Tomorrow is E's first day of preschool. And I, well, I'm mostly okay.
And so it begins, right? I mean, I used to be on the other side of the equation-in my former life as a Kindergarten teacher, I was the one patting the sobbing parents on the hand, shooing the kids into the classroom, telling the teary-eyed moms and dads to JUST LEAVE, and the kids would be just fine and don't worry.
And they all were fine, eventually. But now it's me. I'm sending my big little boy out into the world--albeit twice a week for a few hours to a place filled with other children and adults who care about said little children. He knows our address and my cell phone number and the ABCs and how to count and colors . . .
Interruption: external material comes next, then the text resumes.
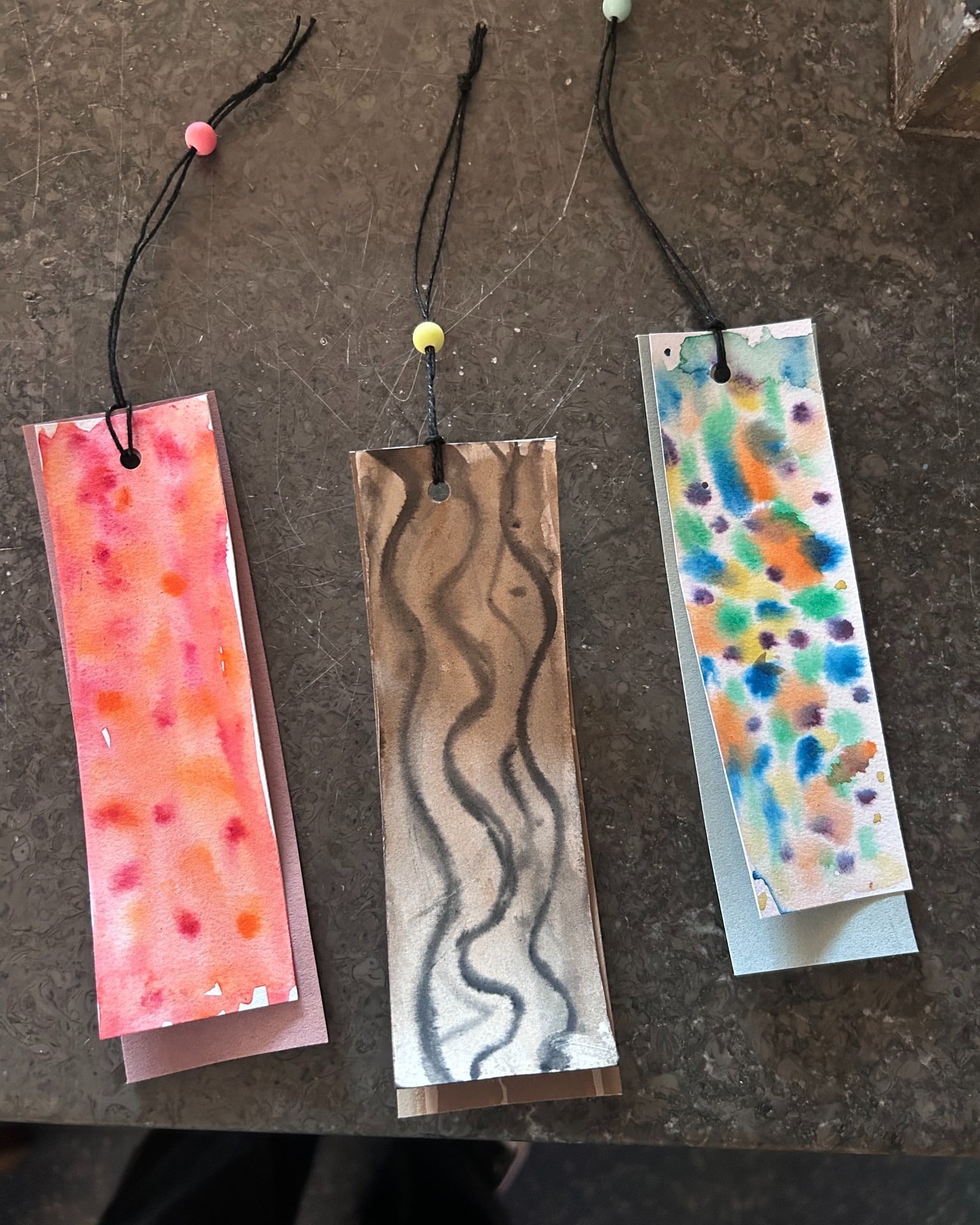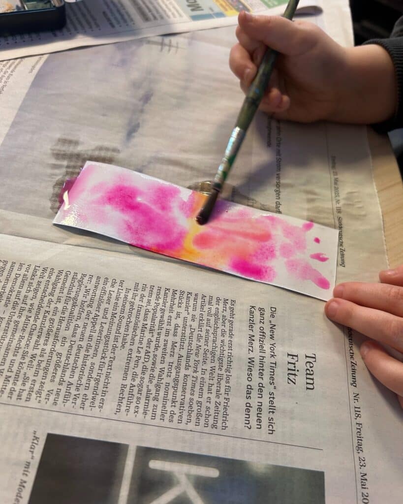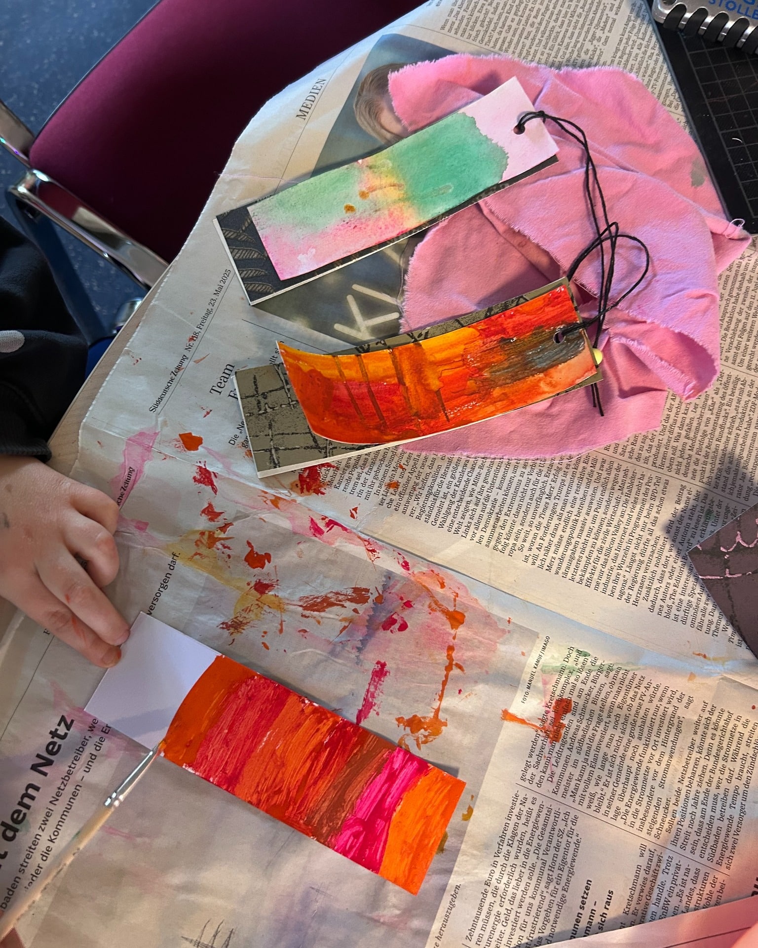 Auch im Jugendtreff Oberkotzau wurde es kreativ – und richtig farbenfroh! Gemeinsam haben wir Lesezeichen in Aquarelltechnik gestaltet, mit Schnur versehen, Perlen aufgefädelt und mit Tapetenresten gedoppelt.

But it's still the big world, right? School changes kids. We've had a good run, these past three years. Staying home with E, and then grieving at home after Calla, then being home with baby O and big boy E--it's been fun. (OK, the grieving part's not fun. And the immediate aftermath was horrible. But you know what I mean.) September, for a long while, was adios summer and back to routine. Then for three years it was September who? Whatever! And now it's back to business as usual.
And then in a few weeks he's starting dancing school. My mother-in-law has a studio and my sister-in-law will be teaching his class. But STILL. It's something else.
Like I said, I'm mostly okay with all of this. It's time and he's ready and he'll love it. But it's still a little sad to say goodnight to my little boy, only to take my big boy out into the world, his new world, tomorrow.